In May my welth and eke my liff I say
Have stoude so oft in such perplexitie:
Reioyse! let me dreme of your felicitie.
Edward Sephame, the astrologer who cast a horoscope for Edward VI, was never more accurate than when, as the poem suggests, he also cast a horoscope for Wyatt; for May does indeed seem to have been a difficult month for the poet and courtier. In May 1534, he was briefly imprisoned in the Fleet for his part in a brawl that had led to the death of one of the serjeants of London. Two years later, and much more alarmingly, he was imprisoned in the Tower and detained there until mid-June, caught up in the repercussions of the fall of Anne Boleyn. But, in truth, the condition of “perplexitie” was chronic rather than seasonal with Wyatt.
He was born into a family that had gambled on the vicious dynastic politics of the late 15th century, and won handsomely. His father, Sir Henry Wyatt, had been a supporter of the Tudors since before the accession of Richard III, and had suffered imprisonment at Yorkist hands. After 1485 a trusted courtier of Henry VII, he had been given important administrative and military responsibilities, and had suffered a second time for his Tudor loyalties when, as governor of Carlisle, he was imprisoned for two years and held to ransom by the Scots. He was one of those to whom the new King Henry VIII turned in 1509; he was knighted and made a member of the Privy Council. Sir Henry Wyatt had played the desperately dangerous game of court life with sobriety and success, knowing when to hazard, when to consolidate, and—most importantly—when to withdraw.

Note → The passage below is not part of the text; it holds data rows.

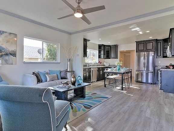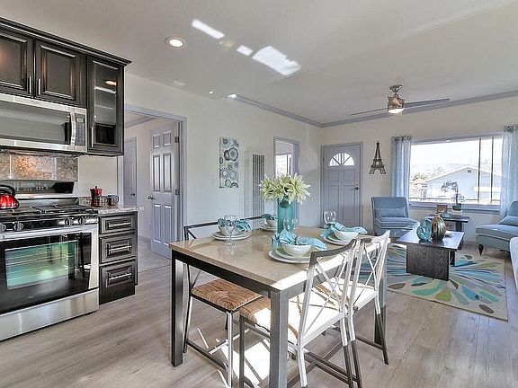 This house is an absolute 10 !!! Totally remodeled. Feels like a brand new home. New tile, carpet and laminate floors though out the house. Spacious kitchen with new appliances, new granite counter tops, new cabinets and new fixtures. Both Bathrooms completely redone with new fixtures counter tops and lighting. Inside washer and dryer. Detached garage has been converted to two rooms. Let your imagination soar with possible uses. The neighborhood is quiet with very nice neighbors. Close to shopping and transportation. New Bart route coming soon.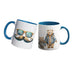 Taza en Ceramica Blanca (Interior y Manija en color Azul) Sublimada con diseño a eleccion. Apto para contacto con alimentos, Dimensiones: 8 cm de Diametro x 9.5 cm de alto/ Capacidad 11 Onzas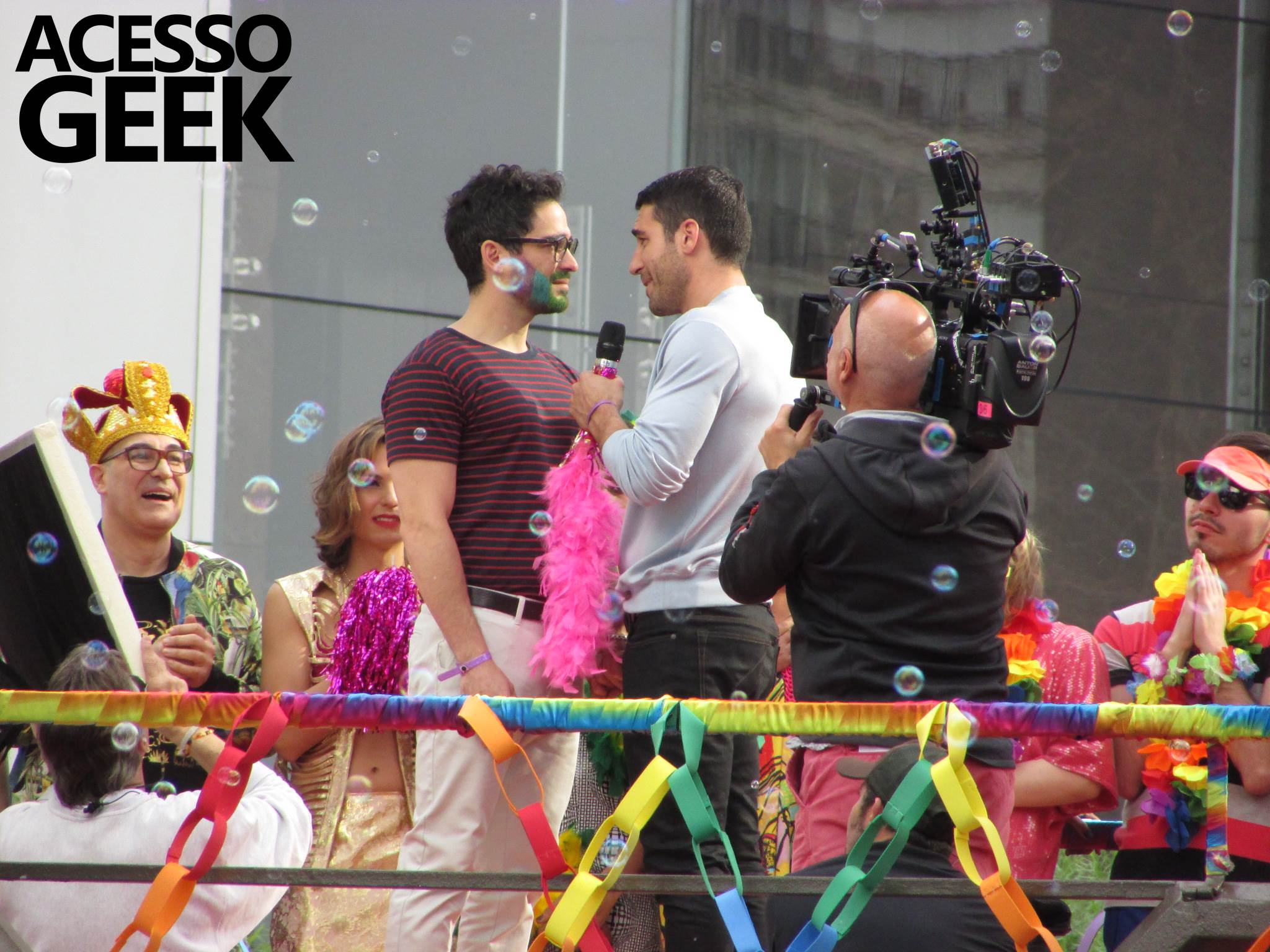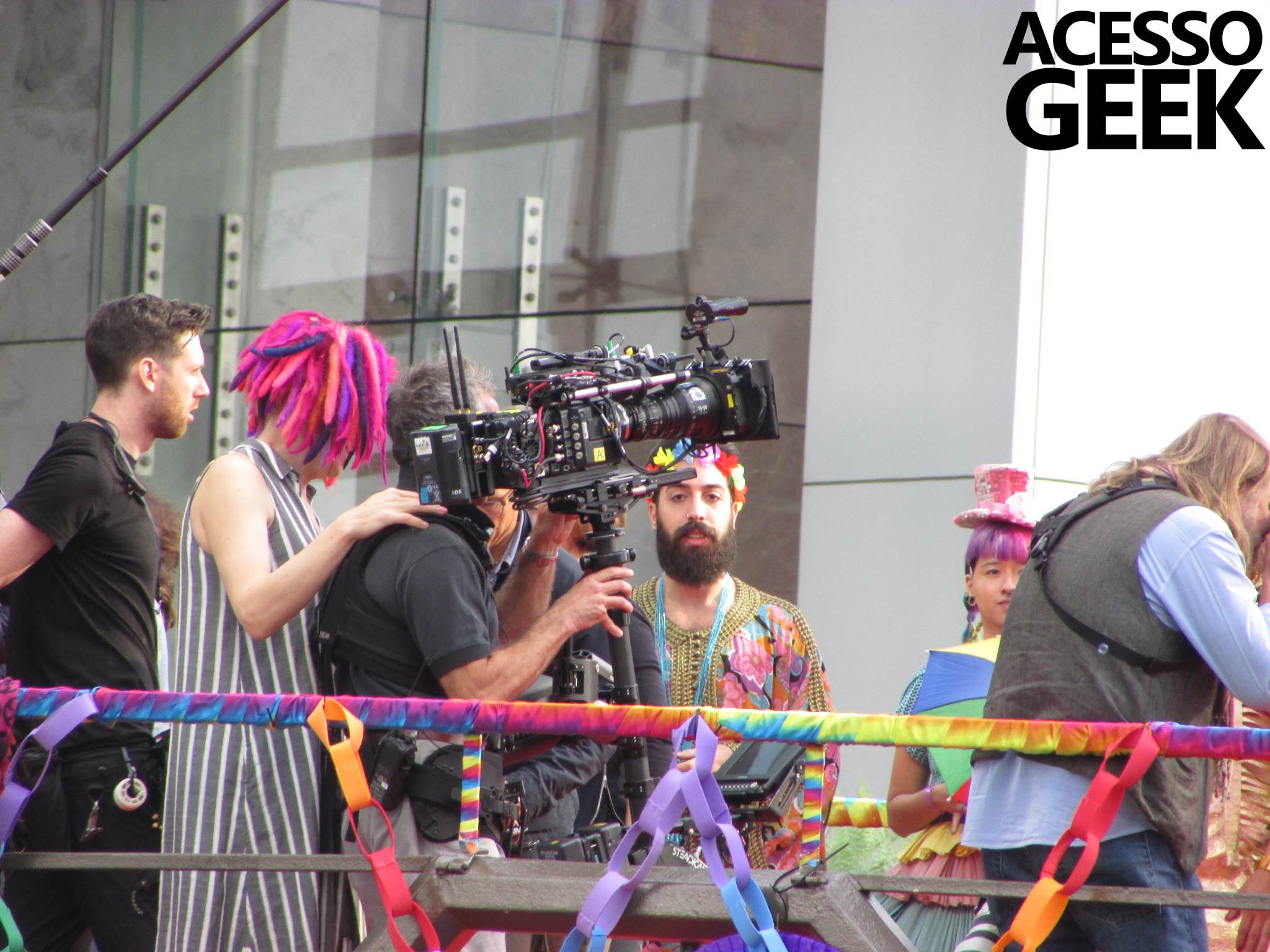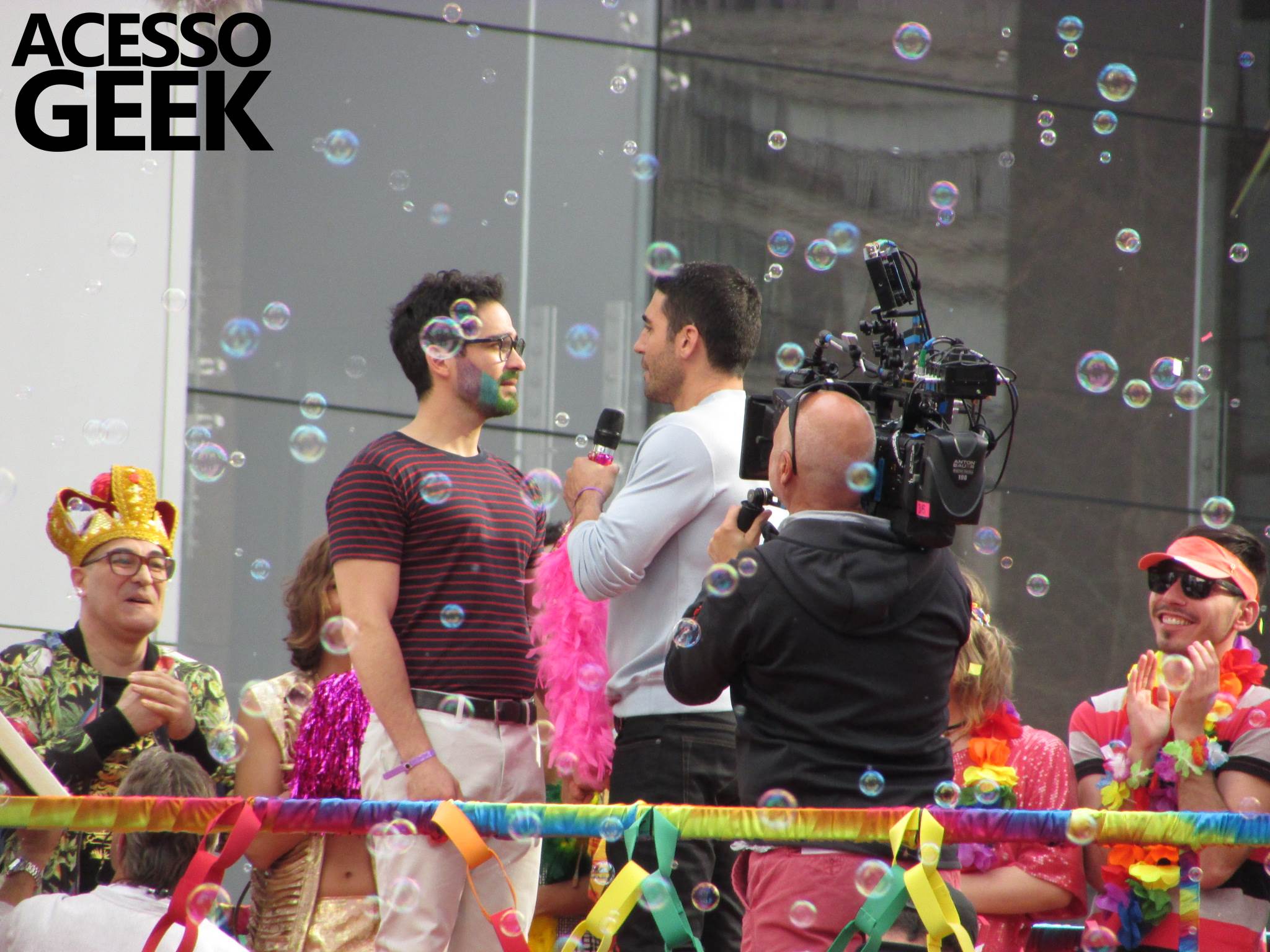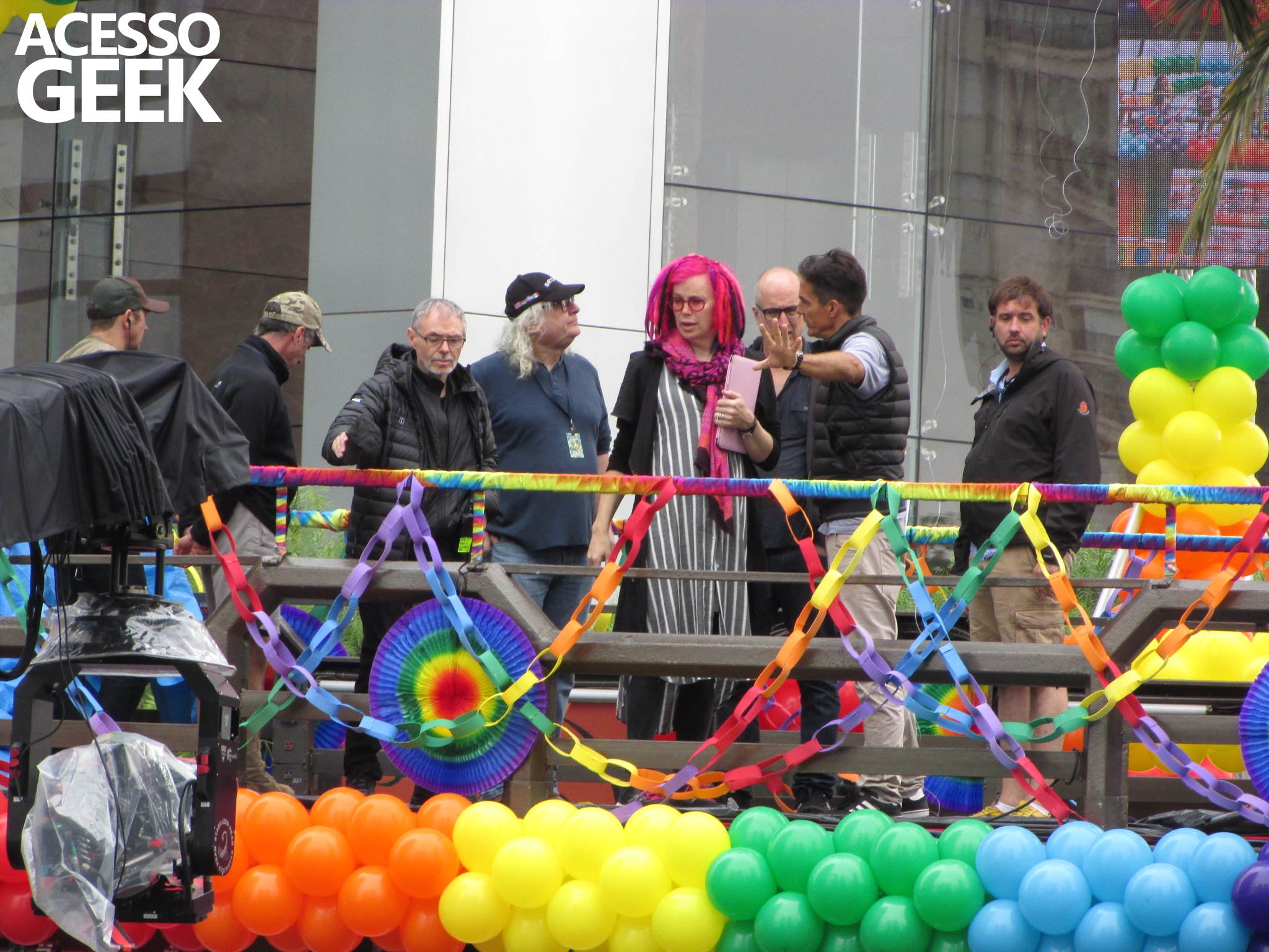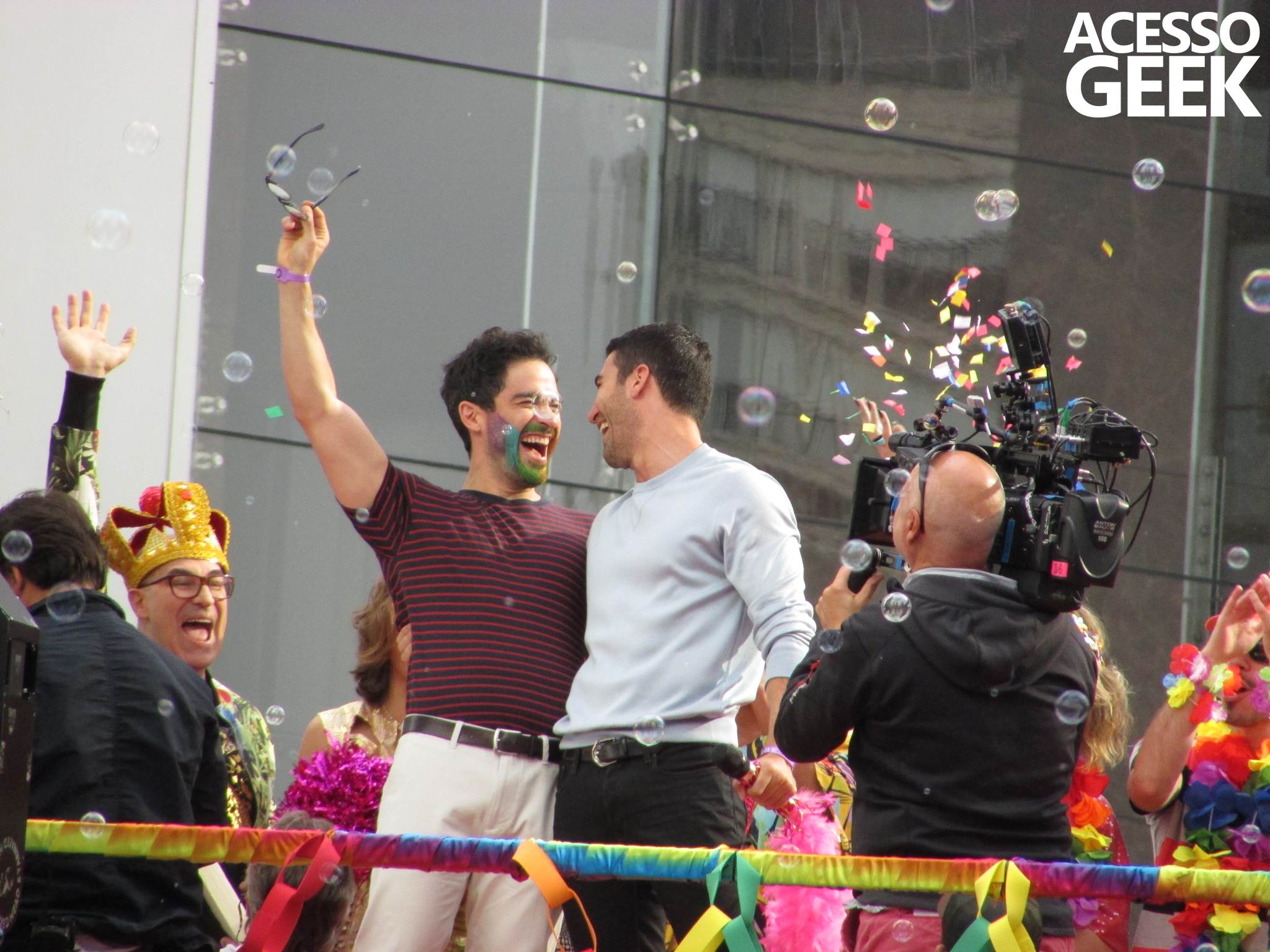 We had the opportunity to follow the recordings that happened last Saturday (28), at Avenida Chucri Zaidan, in São Paulo, more precisely next to the Shopping Morumbi. The producers of the serie, in association with O2 Filmes, mounted a “Trio Elétrico” (Trio Elétrico is the name given to a truck equipped with an extremely high powerful sound system and a musical group or some famous people and music on top of it), it was full of colorful balloons, representing the Gay Pride Parade, that happened on Sunday (28), at Paulista Avenue. Which was also the location of the recordings, as an extension of the recorded scene on Saturday.

Thomas Wyatt had his father’s example before him, but he could never follow it. A number of his poems, and the early prose work he wrote for Katherine of Aragon, a translation of Plutarch’s “De Tranquillitate Et Securitate Animi”, reveal an interest in Stoic strategies for mitigating the power that externalities of fortune and accident might exert over men. But although Wyatt repeatedly explored that stoical world in writing, and perhaps paid it fleeting visits in life, he never took up residence there. Even a poem such as the satire “Myne owne Jhon poyntz”, which on the surface reads as a bitter renunciation of all the base and tawdry arts of the court, can, with just a slight turn of perspective, read more like the memories of a temporarily sidelined exponent. Certainly, if it is true that Wyatt was involved in a plot to assassinate Cardinal Pole by means of poison—and Pole certainly thought that Wyatt had been sanctioned to do so—then there was not much in the way of courtly nefariousness at which Wyatt would strain. A greater brilliance of mind, a more complicated sense of loyalty, and a more unruly restlessness of disposition ensured that Wyatt could never follow his father down the path of prudent and steady self-enrichment. The son would gamble much more recklessly than the father, if not necessarily for higher stakes. Wyatt’s was an unsettled disposition, and it was this fundamental characteristic that his fellow-poet, the Earl of Surrey, placed at the head of the epitaph he wrote for his dead friend:
Wyat resteth here, that quick could never rest.
By enshrining it in a single sentence and a single line, Surrey invites us to see unease as the cardinal element in Wyatt’s character.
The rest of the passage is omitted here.